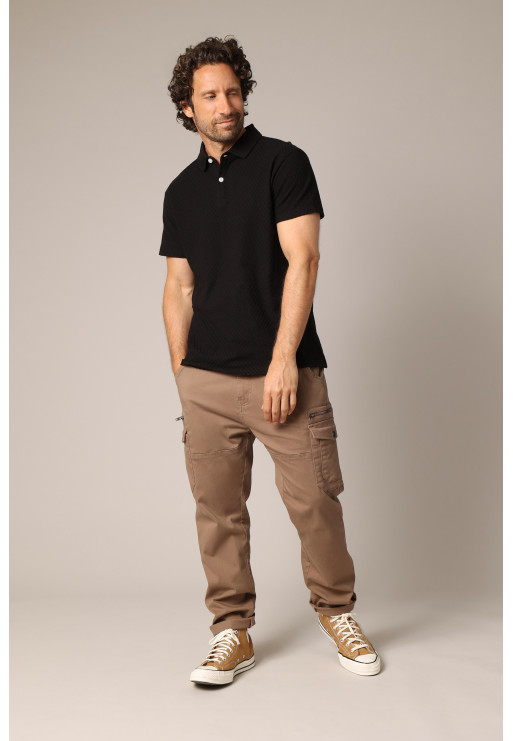 Behind its apparent simplicity, this black polo shirt reveals a subtle play of texture that captures the light and asserts an understated elegance. Its intricate fabric adds depth without ostentation, while the fitted cut and button-down collar reinforce its refined look. This model adapts to all occasions: it slips equally well under a blazer or over cargo pants, for a style that is as neat as it is casual. An essential piece for those who want to combine simplicity and distinction on a daily basis.
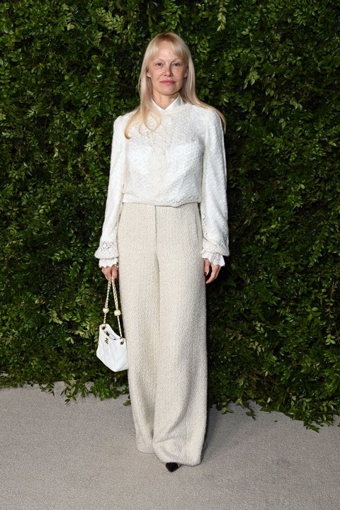 The actress opted for tweed pants and a white knit blouse with a Chanel bag, shoes, and accessories.
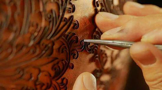 工藝美術(shù)大師米振雄堅持“景泰藍首要的是手工藝美,從打胎到磨光,都必須是手工藝”??此銎z,是一種安靜的欣賞。大師一邊用手指甲蓋抵住紫銅絲,另一只手抓著鑷子,拉長、彎折、回旋。如何拿捏花樣的形狀、掰出弧度大小,全憑師傅一雙巧手。
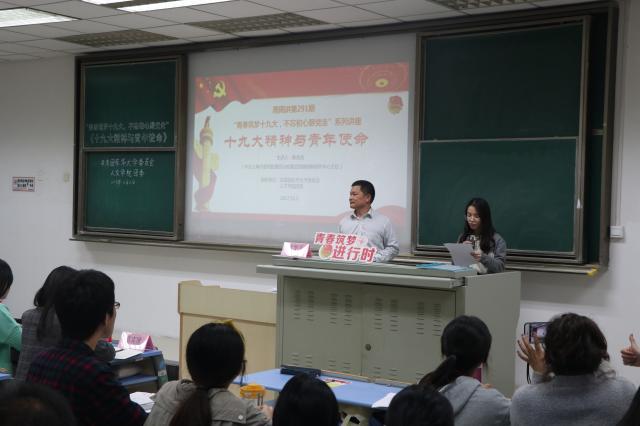 据悉,“青春筑梦十九大 不忘初心跟党走”系列主题讲座是由校团委主办,旨在让专家、学者与青年面对面,引导广大团员青年全面深入学习党的十九大会议精神,心系国家、坚定理想、筑梦青春。
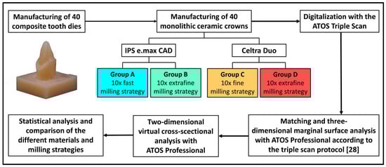 The aim of the present in vitro study was, therefore, to investigate the influence of different milling strategies on the marginal fit of CAD/CAM-fabricated monolithic lithium disilicate crowns made of IPS e.max CAD and Celtra Duo. The null hypotheses were that neither the milling strategy nor the selected restorative material had an influence on the accuracy of fit.
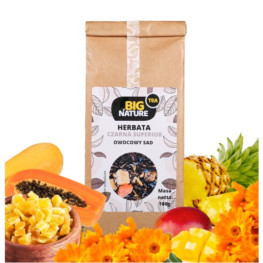 Opis: Opakowanie zawiera 100g czarnej herbaty superior "Owocowy Sad".
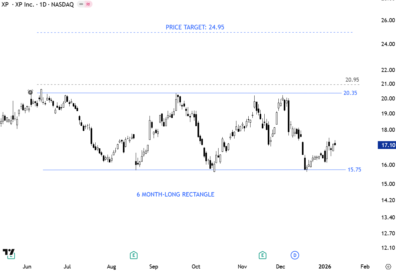 XP, Inc. engages in the operation of technology-driven financial services platform. The firm provides customers with two principal types of offerings, financial advisory services for retail clients in Brazil, high-net-worth clients, international clients and corporate and institutional clients, and an open financial product platform providing access to over 800 investment products including equity and fixed income securities, mutual and hedge funds, structured products, life insurance, pension plans, real-estate investment funds (REITs) and others from XP, its partners and competitors. The stock is listed on the Nasdaq Stock Exchange. Price chart formed a 6 month-long rectangle with the upper boundary acting as resistance at 20.35 levels. A daily close above 20.95 levels will confirm the breakout with the possible chart pattern price target of 24.95 levels. (Learn more: Video Tutorial)
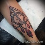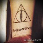 Fotó a Halál ereklyék tetoválásról – eredeti példák a kész tetoválásokra és lehetőségekre
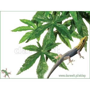 Exo Terra Abuliton (Abutilon) to piękna sztuczna roślina z plastiku, która wyglądem przypomina naturalny Zaślaz. Każdy detal liścia i łodygi jest niezwykle realistycznie wykonany z bezpiecznego dla zwierząt tworzywa. Ta pięciopalczasta roślinka sprawdzi się w terrarium tropikalnym i wilgotnym. Stworzy gąszcz i "parasol" ochronny dla Twojego kameleona, gekona, anolisa lub żaby. Węże prowadzące nadrzewny tryb życia również będą Ci wdzięczne za tą roślinę.
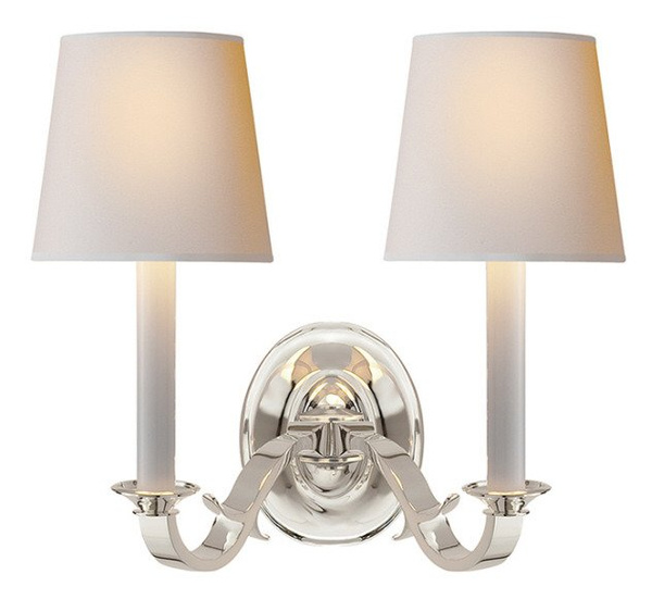 - Kinkiet Channing Double firmy Thomas O'Brien został wykonany z polerowanego srebra oraz wykończony dwoma, papierowymi abażurami w kolorze bieli.
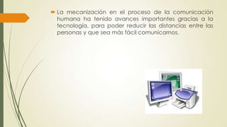 Este documento presenta información sobre periodismo digital. Explica que la tecnología ha permitido avances en la comunicación humana al reducir distancias. También describe los componentes del lenguaje como escrito y auditivo, así como los antecedentes de Internet desde la década de 1960 con redes como Arpanet y TCP/IP. Finalmente, analiza las ventajas y desventajas del periodismo en la web.
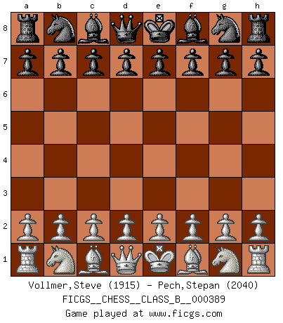 Last move : Nxd4 2026 February 5 9:46:55 White clock - 32 days 14:21:33 Black clock - 8 days 01:21:27 [Event "FICGS__CHESS__CLASS_B__000389"] [Site "FICGS"] [Date "2025.12.22"] [Round "1"] [White "Vollmer,Steve"] [Black "Pech,Stepan"] [Result "*"] [WhiteElo "1915"] [BlackElo "2040"] 1.e4 c5 2.Nf3 e6 3.d4 cxd4 4.Nxd4 * Follow this game move after move (download)I look one move ahead... the best ! (Siegbert Tarrasch) Alles was ich jemals tun will ist Schach spielen. (Robert James Fischer) No es tiempo de jugar al Ajedrez cuando la casa esta en llamas. (Proverbio Italiano) La menace est plus forte que l'exécution. (Aaron Nimzovitch) Mac users swear by their computers. PC users swear at their computers. (Author unknown)
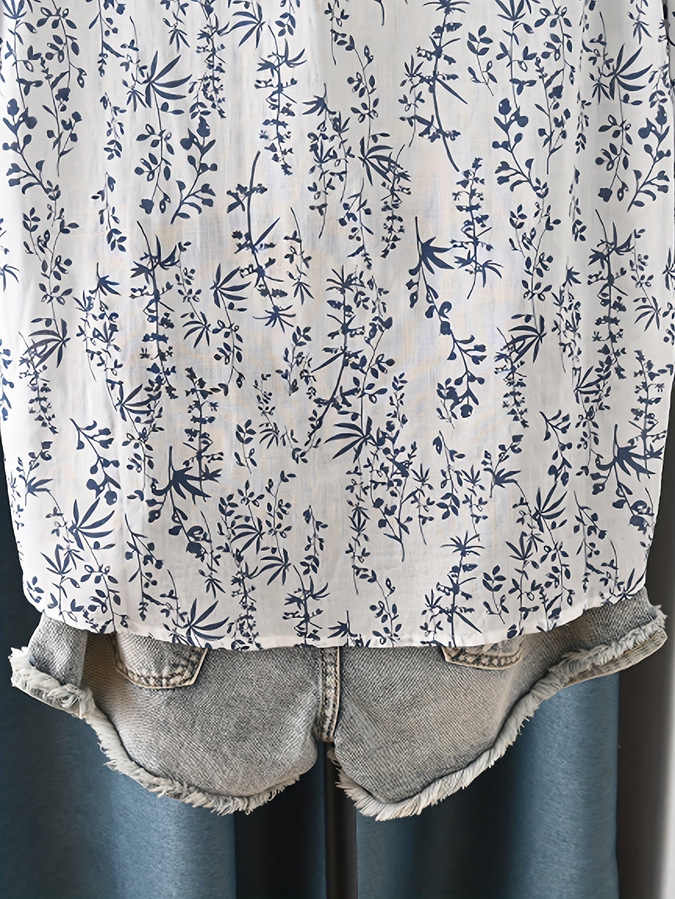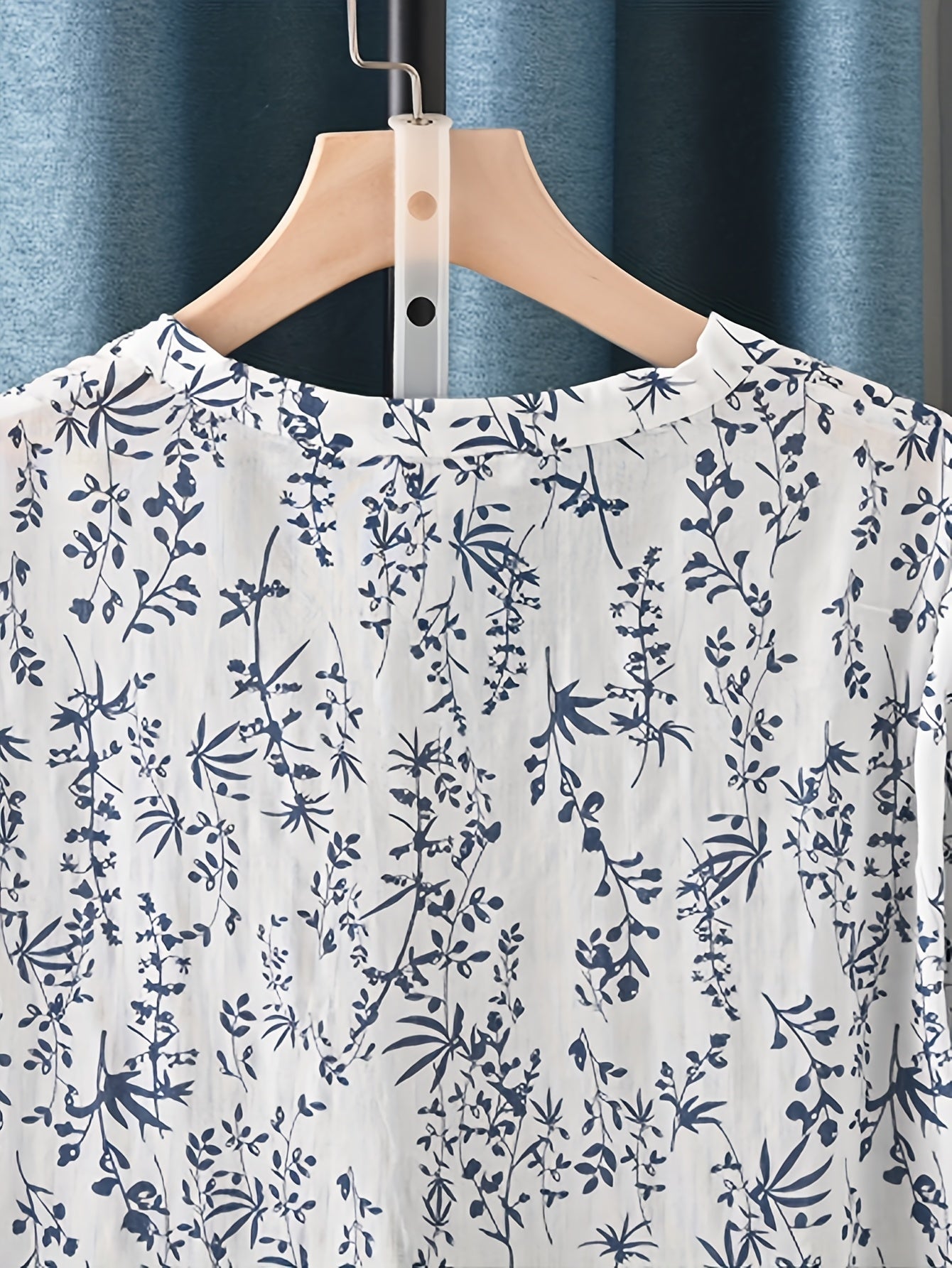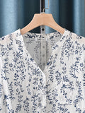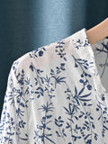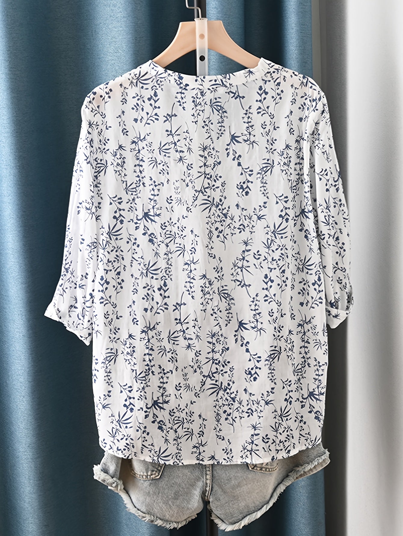 Floral V-neck Lightweight Seven Quarter Sleeved Shirt
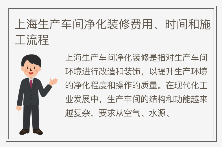 隨著科技的進步和對工作環境的要求逐漸提高,生產車間凈化裝修越來越受到重視。很多人對于上海生產車間凈化裝修需要多長時間一直不太清楚。本文將從不同方面分析上海生產車間凈化裝修所需時間,并為您提供參考。
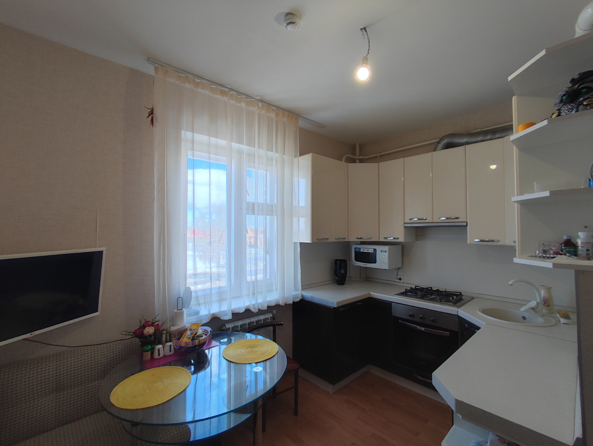 Продаётся 2-х комнатная квартира в комфортном для проживания районе "Новая Заря" (Разумное-54). Практичная планировка, комнаты изолированные, квартира светлая и уютная. Новым владельцам остаётся встроенный кухонный гарнитур с техникой, кондиционер, шкаф-купе, карнизы, шторы.
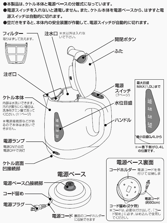 ●便利なコードレスケトル●ON/OFFスイッチとパイロットランプ●空焚き防止機能付き●沸いたら自動的に電源が切れるオートパワーオフ機能●水量が一目でわかる大型窓メモリー付きメーカー型番:GD-P101サイズ:W200×D143×H195mm重量:約775g生産国:中国商品仕様:電源コード:約80cm
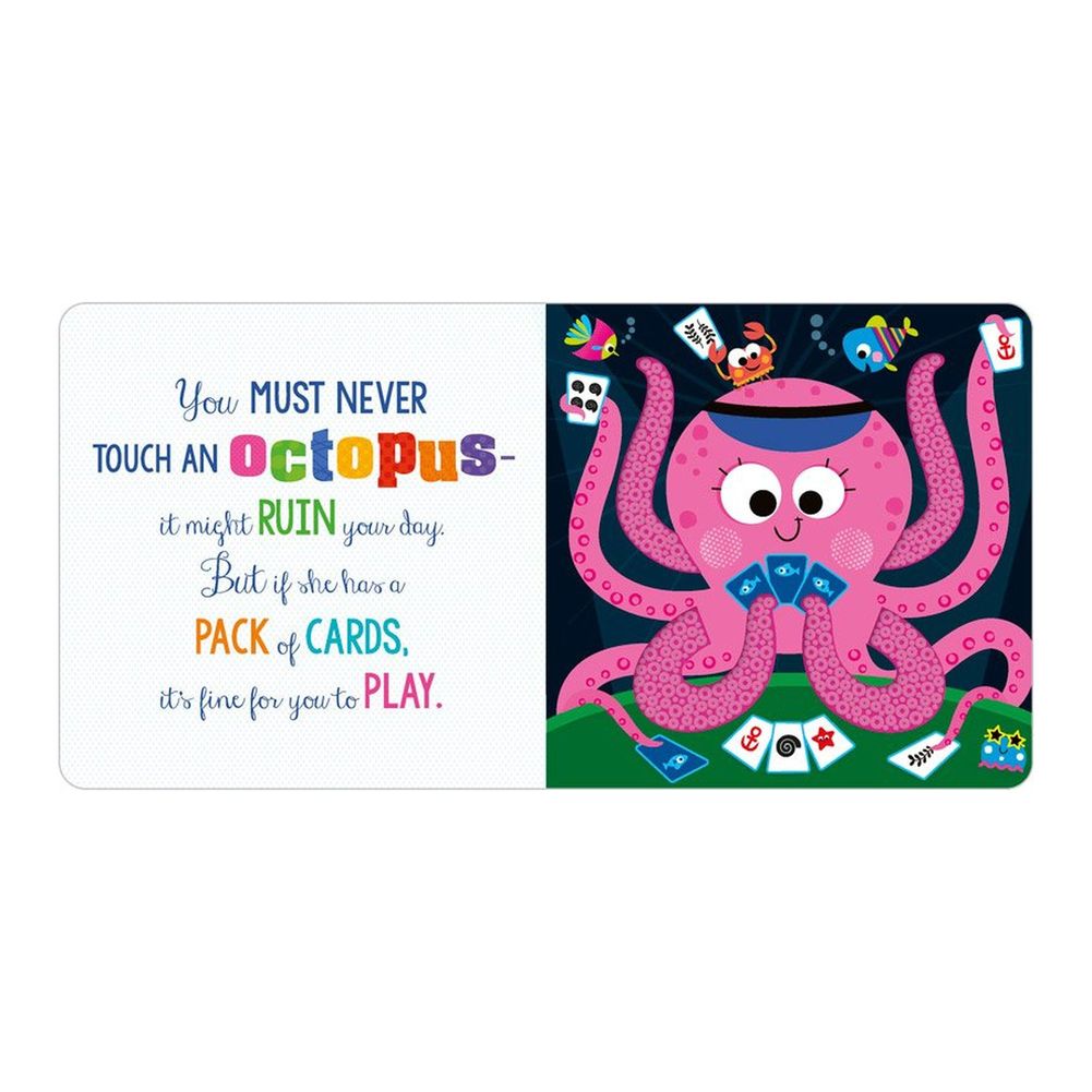 You must never touch a shark . . . except in this book! This ocean-themed touch-and-feel book is perfect for young children. They will love reading the funny rhyme that warns of the dangers of touching a shark – and then ignoring the advice! Innovative silicone touches feature throughout the book, with a different texture for children to explore on every spread.
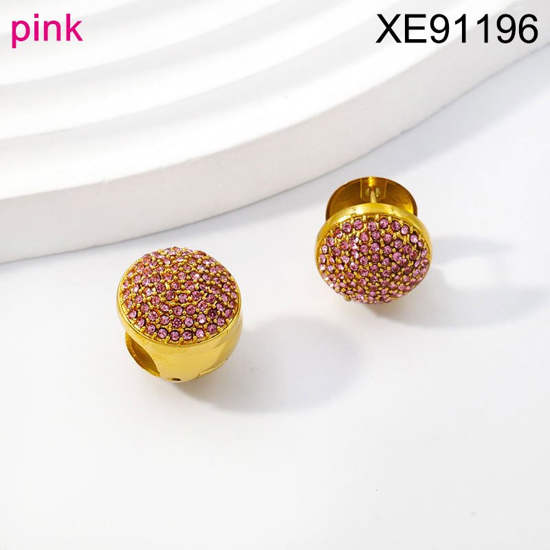 Home > Level B Stainless Steel SET Jewelry New Trendy Round Pink Diamond Golden Earring
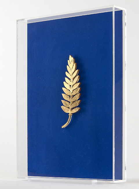 Actual size golden olive branch as the one dropped by Neil Armstrong on the moon during Apollo 11 mission in 1969.
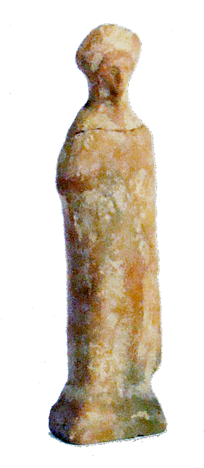 Statuina di tipo arcaico di una donna. La figura col volto piccolo indossa una pesante tunica e copricapo.

————

▸ **What the task asks**
Copy word for word each line of the data above, from the first through the one containing "The aim of the", and include no pictures.

▸ **Exercise response**
 Behind its apparent simplicity, this black polo shirt reveals a subtle play of texture that captures the light and asserts an understated elegance. Its intricate fabric adds depth without ostentation, while the fitted cut and button-down collar reinforce its refined look. This model adapts to all occasions: it slips equally well under a blazer or over cargo pants, for a style that is as neat as it is casual. An essential piece for those who want to combine simplicity and distinction on a daily basis.
 The actress opted for tweed pants and a white knit blouse with a Chanel bag, shoes, and accessories.
 工藝美術(shù)大師米振雄堅持“景泰藍首要的是手工藝美,從打胎到磨光,都必須是手工藝”??此銎z,是一種安靜的欣賞。大師一邊用手指甲蓋抵住紫銅絲,另一只手抓著鑷子,拉長、彎折、回旋。如何拿捏花樣的形狀、掰出弧度大小,全憑師傅一雙巧手。
 据悉,“青春筑梦十九大 不忘初心跟党走”系列主题讲座是由校团委主办,旨在让专家、学者与青年面对面,引导广大团员青年全面深入学习党的十九大会议精神,心系国家、坚定理想、筑梦青春。
 The aim of the present in vitro study was, therefore, to investigate the influence of different milling strategies on the marginal fit of CAD/CAM-fabricated monolithic lithium disilicate crowns made of IPS e.max CAD and Celtra Duo. The null hypotheses were that neither the milling strategy nor the selected restorative material had an influence on the accuracy of fit.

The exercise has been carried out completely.